WORK INSTRUCTIONS.
Please print, exactly as written, the line containing "Langs de Tilburgseweg" and each line after it through the end of the material; pictures stay out.

►

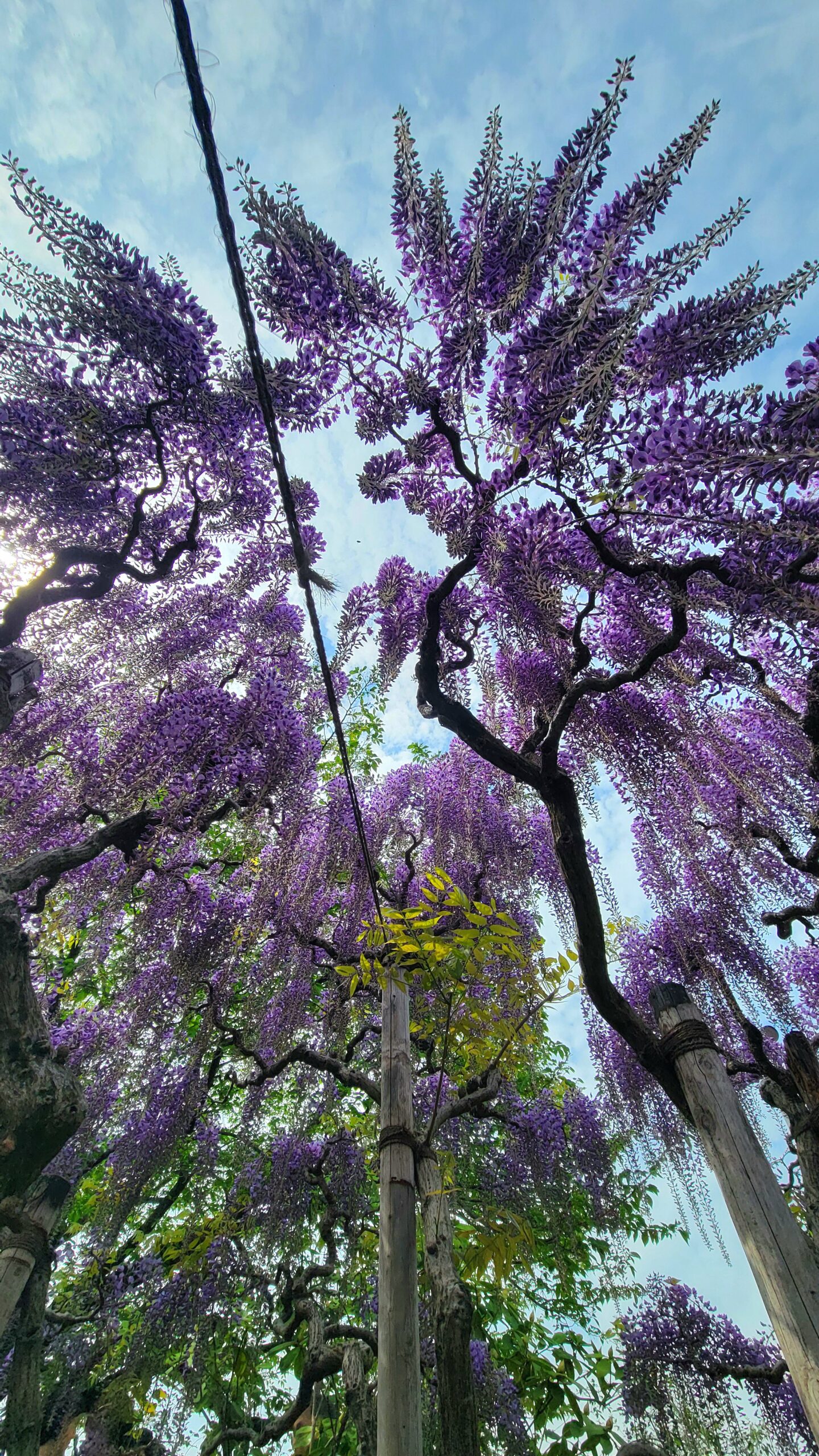 この写真は、あしかがフラワーパークで、藤の木の下から広角モードで見上げ、頭上から降り注ぐような藤の花の迫力を意識して撮影したものです。
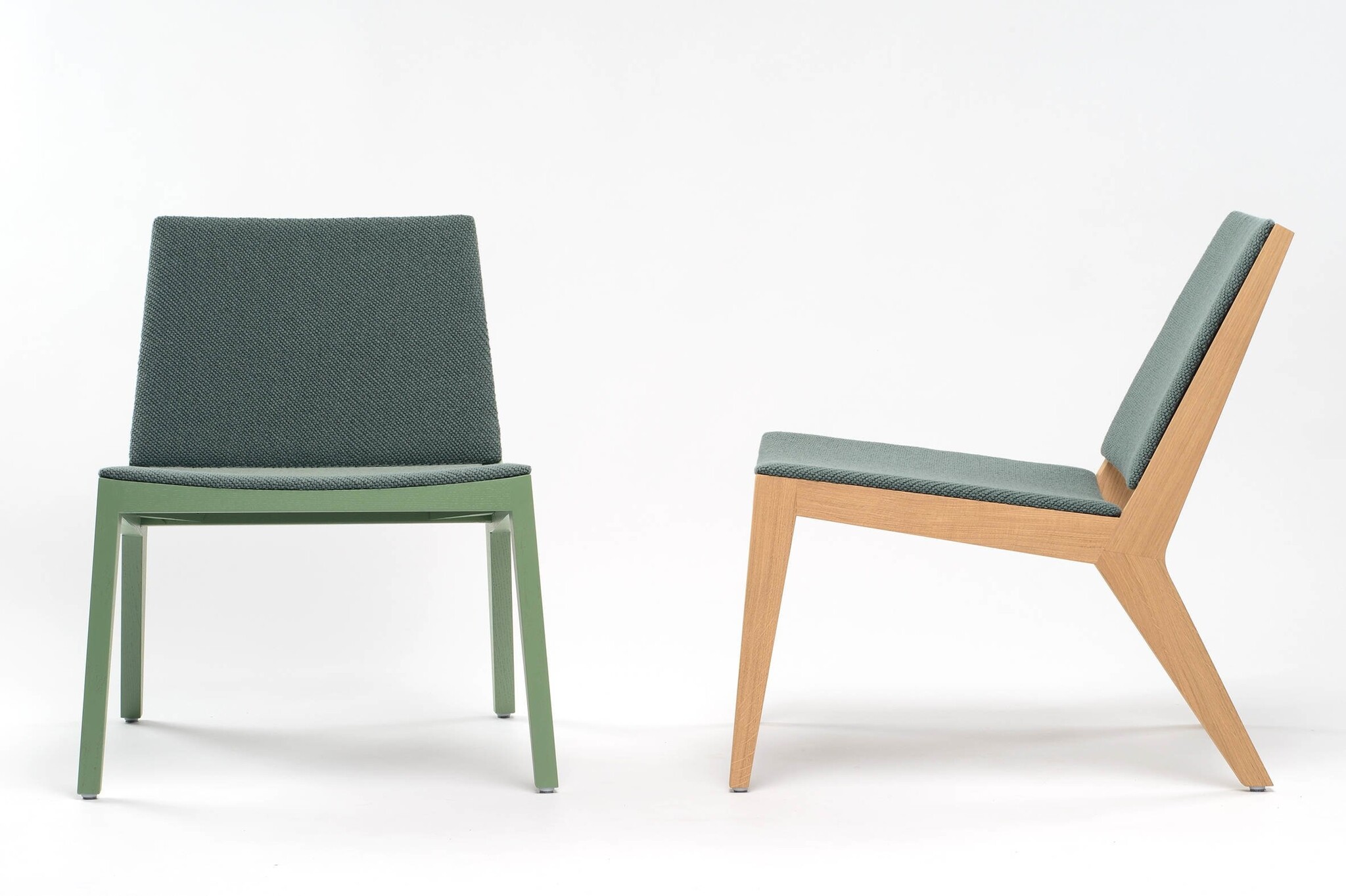 De fauteuil is per twee stuks leverbaar in dezelfde stof
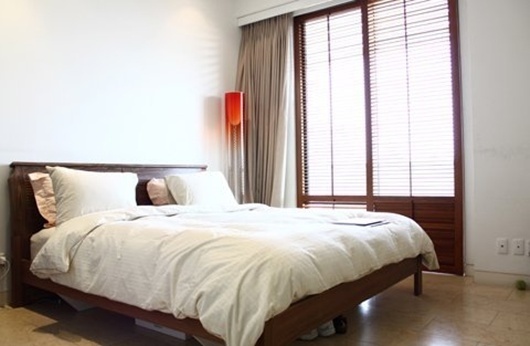 Phòng ngủ thể hiện rõ sự đơn giản mà tinh tế của nữ thiết kế trong việc bài trí nhà. Chị vẫn chọn tông màu trắng nhẹ nhàng cùng chiếc giường gỗ mộc mạc cho nơi nghỉ ngơi của mình.
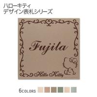 蔓で飾られたエレガントなフレームと、ちょっと色っぽいキティちゃんがかわいらしい! 黒いステンレスフレームに木目調のタイルをはめ込んだ、モダンな雰囲気の中に遊び心を取り入れた表札です。 特徴はなんといっても、タイル左下のキティちゃんの存在感! あまり見たことのないポーズがステキですよね。 ※フレームとタイルが接着された状態でのお届けとなります。
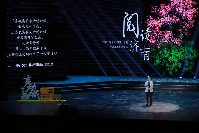 当晚的舞台迎来一位特殊的嘉宾。年逾八旬的著名诗人桑恒昌走上舞台,与观众分享了他数十年与书为伴的阅读感悟。他说,在济南,阅读不是少数人的雅事,而是每一个济南人都可以参与的生活日常。诵读不是少数人的专利,而是每一个济南人都可以抵达的光亮。
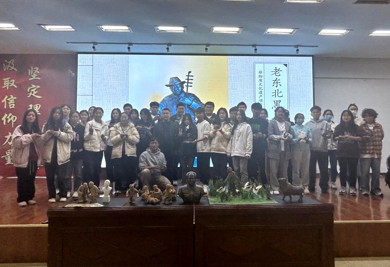 10月18日下午,东北黑土泥塑传承人韩朝阳老师在二号教学区2508教室开展以非物质文化遗产《东北黑土泥塑》为主题的第二十一期美育课堂。课上,韩老师介绍了本次展出作品背后的故事及其文化渊源,并让学生自己动手制作泥塑,使学生加深对中华传统优秀文化的热爱,不断地提高艺术修养,提升审美情趣,为弘扬和传播优秀文化贡献青春力量。
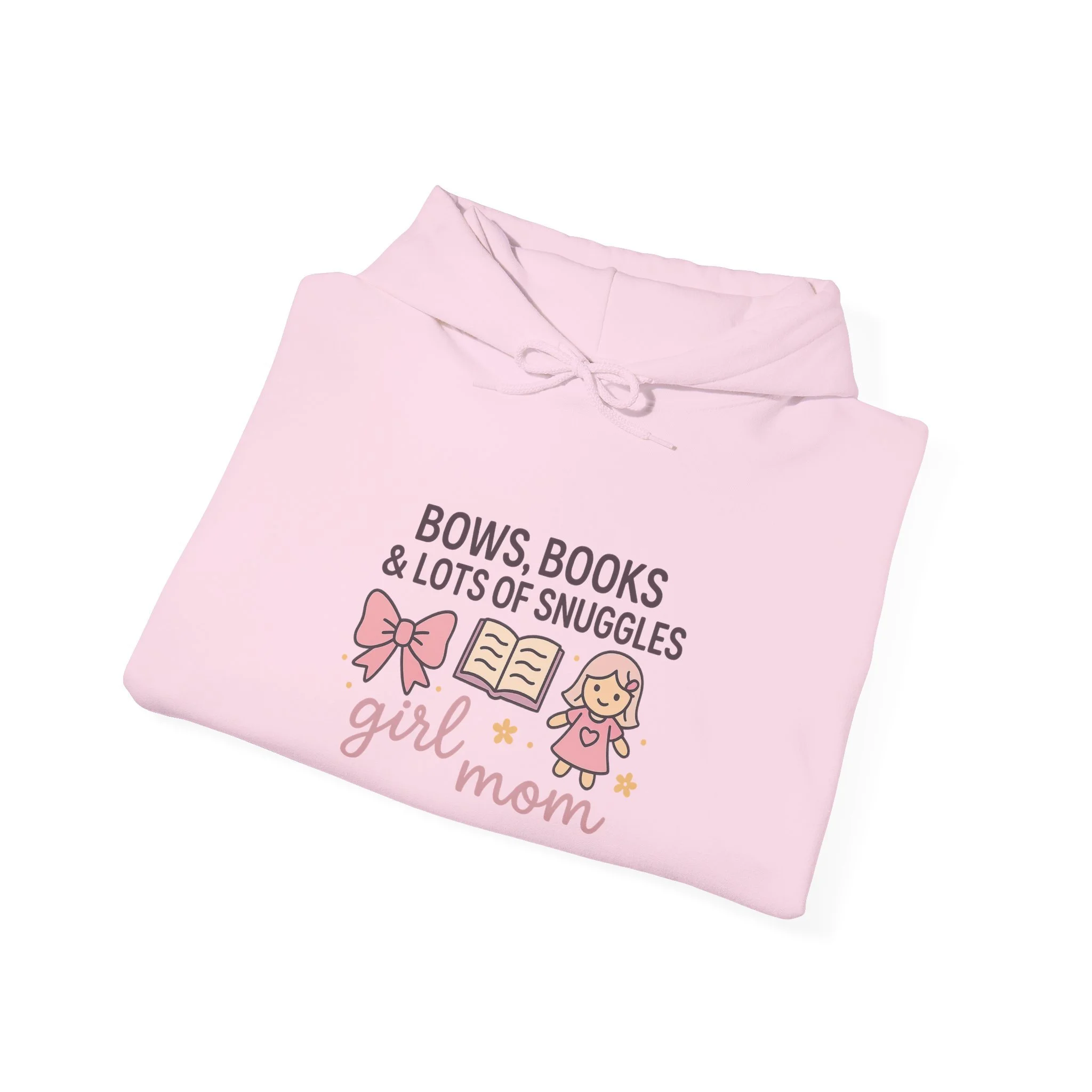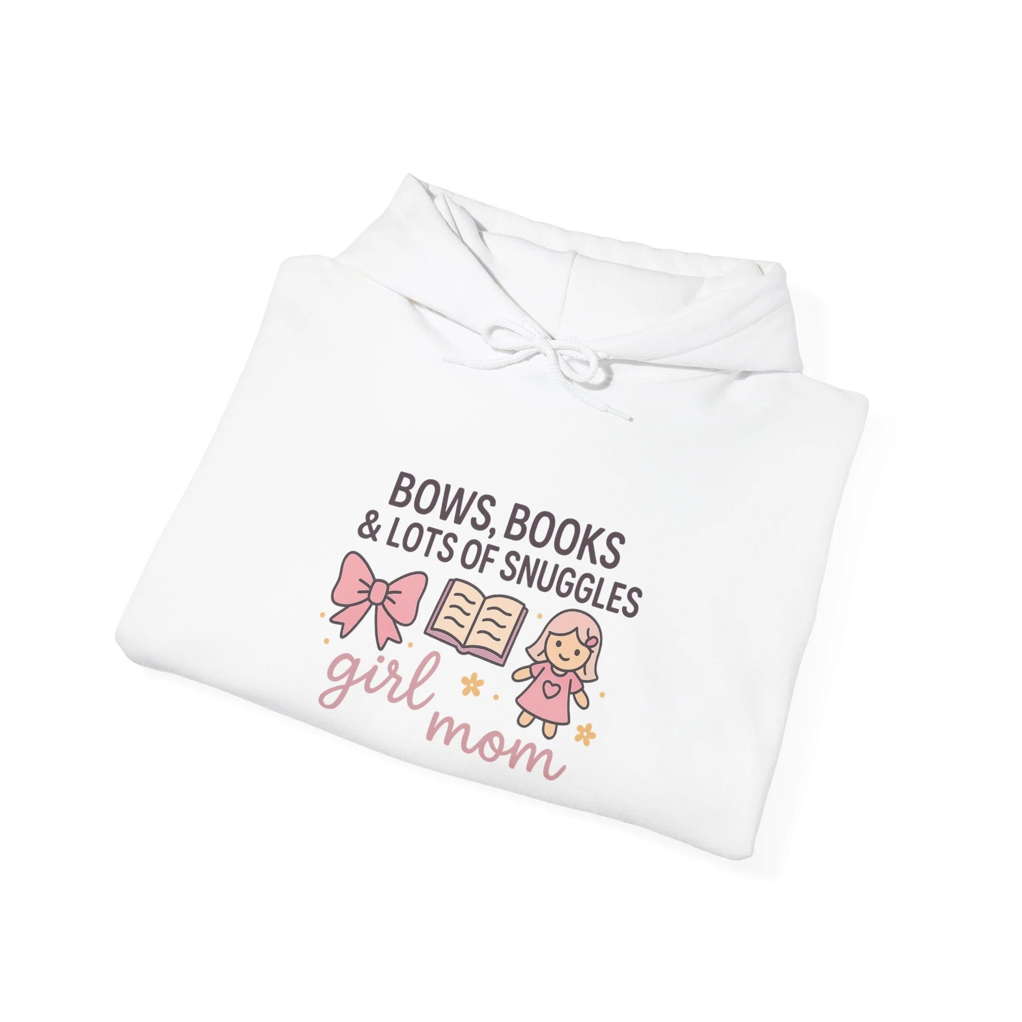 A cozy, lived‑in hoodie that wraps around all the sweetness and sparkle of raising girls. Its soft, medium‑weight fleece holds a playful, hand‑drawn design—bows, books, and a cheerful little doll—framed by the phrase “Bows, Books & Lots of Snuggles” and a warm “girl mom” script. It slips on for morning cuddles, stays soft through school drop‑offs, story times, and dance‑class afternoons, and washes clean after crafts, crumbs, or glitter‑covered moments. The roomy kangaroo pocket and double‑lined hood add everyday practicality, while the neutral white lets the pastel artwork shine and pair effortlessly with any casual outfit. This hoodie feels like a soft nod to sleepy hugs, giggly chaos, and all the tiny, magical moments in between.
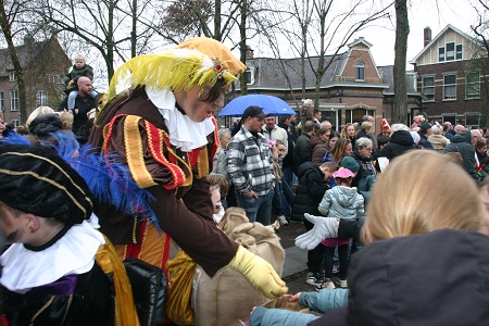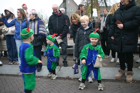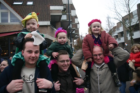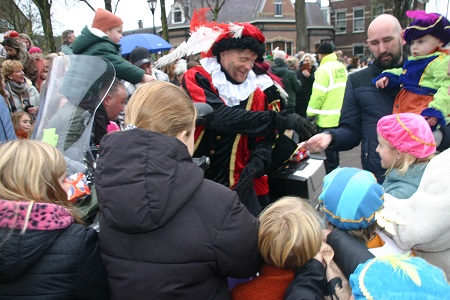 Langs de Tilburgseweg en aan het Kloosterplein staan de kleintjes geduldig te wachten. Goed ingepakt, want het weer is guur. Samen op de foto met de pieten als beloning.
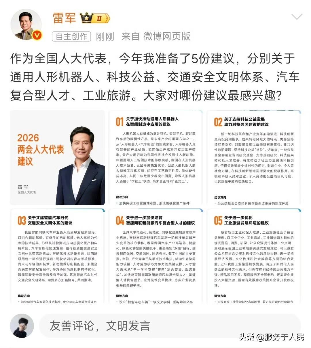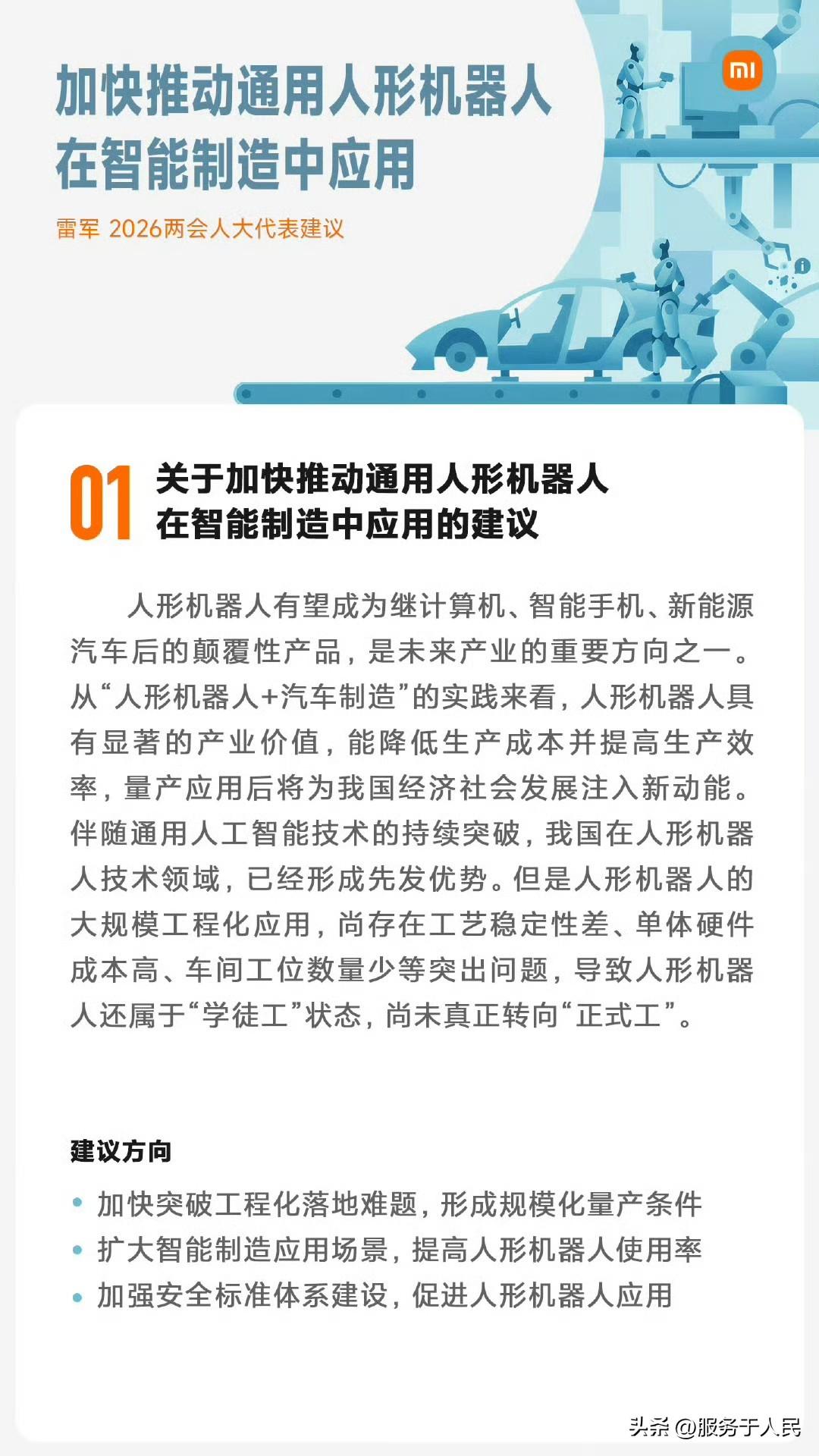 🔥雷军作为全国人大代表,今年准备了5份务实且前瞻的建议,聚焦通用人形机器人、科技公益、交通安全文明体系、工业旅游及汽车复合型人才培养。其中,“关于加快推动通用人形机器人在智能制造中应用的建议”最具突破性。 当前,我国人形机器人虽在技术上取得优势,但仍面临工艺稳定性差、单体硬件成本高、车间工位数量少等“工程化落地难”问题,导致其多处于“学徒工”状态,难以大规模“转正”。雷军建议加快突破这些瓶颈,形成规模化量产条件,这不仅是技术升级,更是制造业提升效率、保障安全的必然选择。 作为小米创始人,他结合自身在机器人领域的实践,使建议更具可操作性。若能落地,将带动上下游产业链发展,为实体经济注入新动能,推动我国从“制造大国”向“智造强国”迈进。其他建议如科技公益、交通安全等,也体现了他对社会民生与产业发展的双重关切。这些议题若能实质性推进,将对科技进步和经济转型产生深远影响。
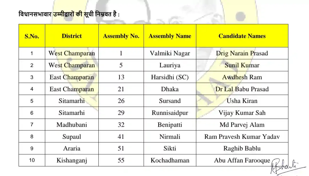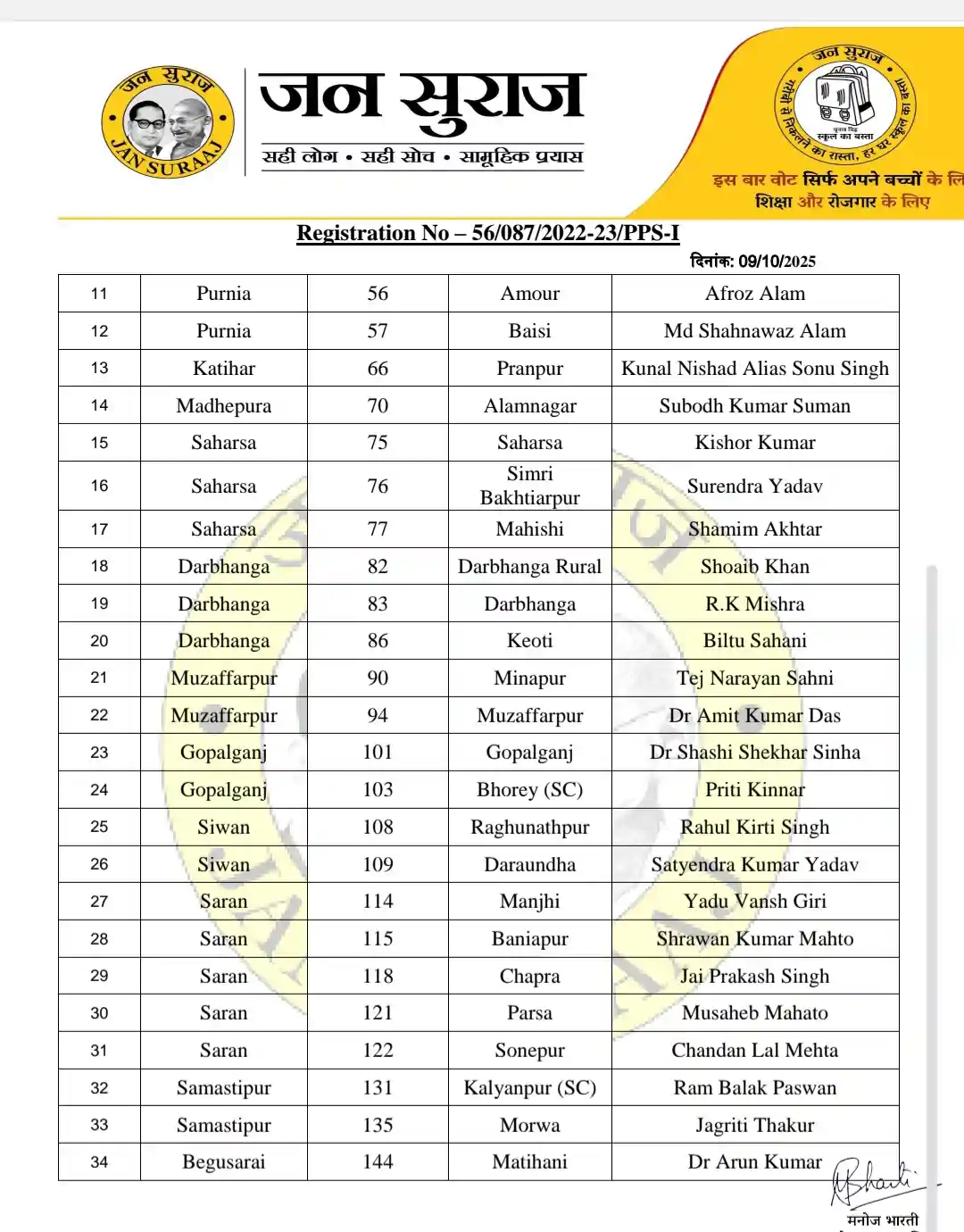 दरभंगा से आरके मिश्रा, गोपालगंज से प्रीति किन्नर, कुम्हरार से केसी सिन्हा, मांझी से वाई बी गिरी को टिकट दिया गया है। करगहर से भोजपुरी सिंगर रितेश पांडेय को प्रशांत किशोर ने चुनावी मैदान में उतारा है।

◄

RESULT.
 Langs de Tilburgseweg en aan het Kloosterplein staan de kleintjes geduldig te wachten. Goed ingepakt, want het weer is guur. Samen op de foto met de pieten als beloning.
 🔥雷军作为全国人大代表,今年准备了5份务实且前瞻的建议,聚焦通用人形机器人、科技公益、交通安全文明体系、工业旅游及汽车复合型人才培养。其中,“关于加快推动通用人形机器人在智能制造中应用的建议”最具突破性。 当前,我国人形机器人虽在技术上取得优势,但仍面临工艺稳定性差、单体硬件成本高、车间工位数量少等“工程化落地难”问题,导致其多处于“学徒工”状态,难以大规模“转正”。雷军建议加快突破这些瓶颈,形成规模化量产条件,这不仅是技术升级,更是制造业提升效率、保障安全的必然选择。 作为小米创始人,他结合自身在机器人领域的实践,使建议更具可操作性。若能落地,将带动上下游产业链发展,为实体经济注入新动能,推动我国从“制造大国”向“智造强国”迈进。其他建议如科技公益、交通安全等,也体现了他对社会民生与产业发展的双重关切。这些议题若能实质性推进,将对科技进步和经济转型产生深远影响。
 दरभंगा से आरके मिश्रा, गोपालगंज से प्रीति किन्नर, कुम्हरार से केसी सिन्हा, मांझी से वाई बी गिरी को टिकट दिया गया है। करगहर से भोजपुरी सिंगर रितेश पांडेय को प्रशांत किशोर ने चुनावी मैदान में उतारा है।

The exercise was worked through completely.